Let $U$ a random variable distributed from the uniform distribution on $[0,1]$. Then for any continuous cumulative distribution function $F$, the random variable \[Z=F^{-1}(U)\quad \text{has distribution } F.\] Using this result, simulate the same exponential, Gaussian samples and answer the same questions as exercise 1. Use the r function runif, qexp, qnorm

n<-10^3
U<-runif(n,0,1)
X1<-qnorm(U,2,3)
X2<-qexp(U,5)

hist(X1,breaks=30,freq=FALSE)
plot(function(x) dnorm(x,2,3),add=TRUE,col="red",xlim=range(X1))

hist(X2,breaks=30,freq=FALSE)
plot(function(x) dexp(x,5),add=TRUE,col="red",xlim=range(X2))

cor(X1,X2)

## [1] 0.9117821

Let $X$ a continuous random variable with c.d.f. $F$. Then the random variable $Z=F(X)$ is uniformly distributed on $[0,1]$.

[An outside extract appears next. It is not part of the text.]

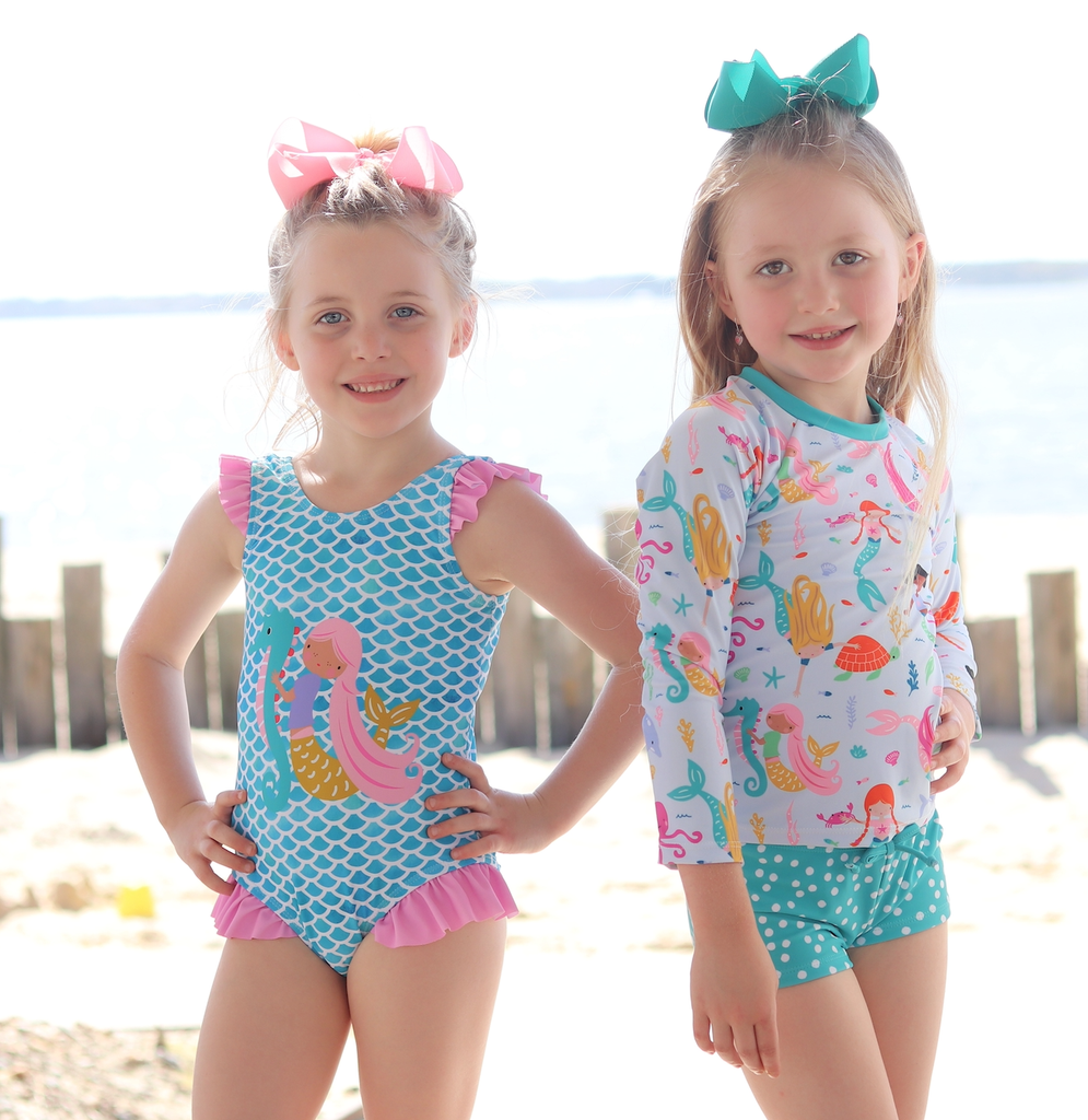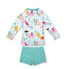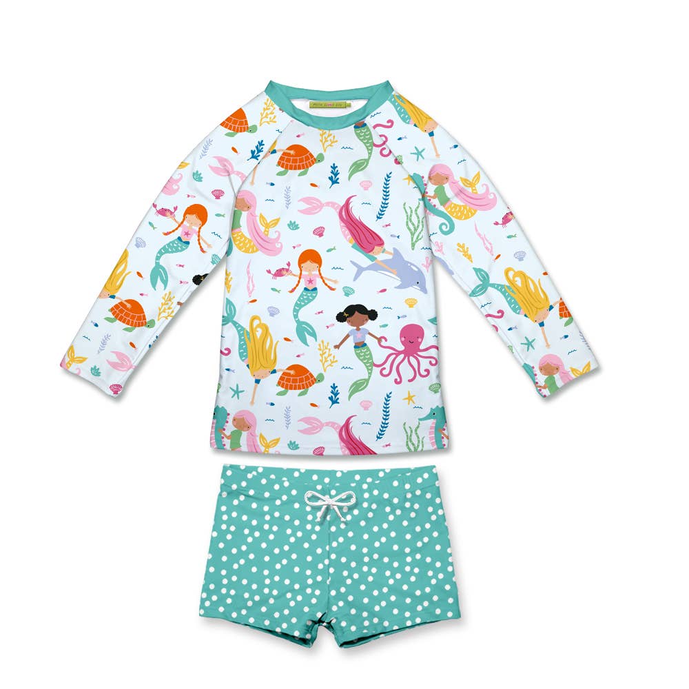 Ice Blue Mermaid Girls Swim Long-Sleeve Rashguard Set

Using this result, from a Gaussian distribution, then from an exponential and poisson distribution, simulate a uniform sample on $[0,1]$.

n<-10^4
X1<-rnorm(n,2,3)
X2<-rexp(n,5)
U1<-pnorm(X1,2,3)
U2<-pexp(X2,5)

hist(U1)

hist(U2)

2.3.1 Pareto distribution

The Pareto distribution has cumulative distribution function

\[ F(x) = 1 - (\frac{\mu}{x})^k\quad x\geq \mu,\quad k\in\mathbb R+ \] Determine the quantile function $Q$. Verify the median is $Q(0.5)=\mu\sqrt[k]{2}$. Create the function rPareto which for $n, \mu ,k$ return a sample constituting with $n$ Pareto variables with parameter $\mu$ and $k$. Try the function for different values of $\mu$ and $k$. What is the role of the these parameters?

##TODO

2.4 Theorem Central Limit (TCL), convergence in distribution

Let $X_1,\ldots,X_n$ an i.i.d. sample with expectation $\mathbb E(X)=\mu$ and variance $Var(X) =\sigma^2$. Then we have the following convergence in sitribution:
\[ \sqrt{n}(\bar X_n - \mu) \overset{\mathcal D}{\rightarrow} \mathcal N(0,\sigma^2) \quad\text{as soons as } n\rightarrow\infty. \] That is to say the random variable $\bar X_n$ is approximately normally distributed with mean $\mu$ and variance $\frac{\sigma^2}{n}$.

2.4.1 Poison distribution

Using a loop ‘for’, simulate $M=10^4$ samples of size $n=1000$ from a Poisson distribution with parameter $\lambda=5$ and verify the theorem. Note that for a Poisson distribution, the expectation and the variance are $\lambda$: $\mu = \mathbb EX= var(X)= \lambda$. Plot the histogram of the statistic with the density of the Gaussian.

M=10^4;n=10^3
Z=NULL;
lambda=5
mu=lambda
sigma=sqrt(lambda)
for(m in 1:M){
 X<-rpois(n,lambda)
 Z[m]<-sqrt(n)*(mean(X) - mu)
}
hist(Z,breaks=30,freq=FALSE)
plot(function(x) dnorm(x,0,sigma),add=TRUE,col="red",xlim=c(min(Z),max(Z)))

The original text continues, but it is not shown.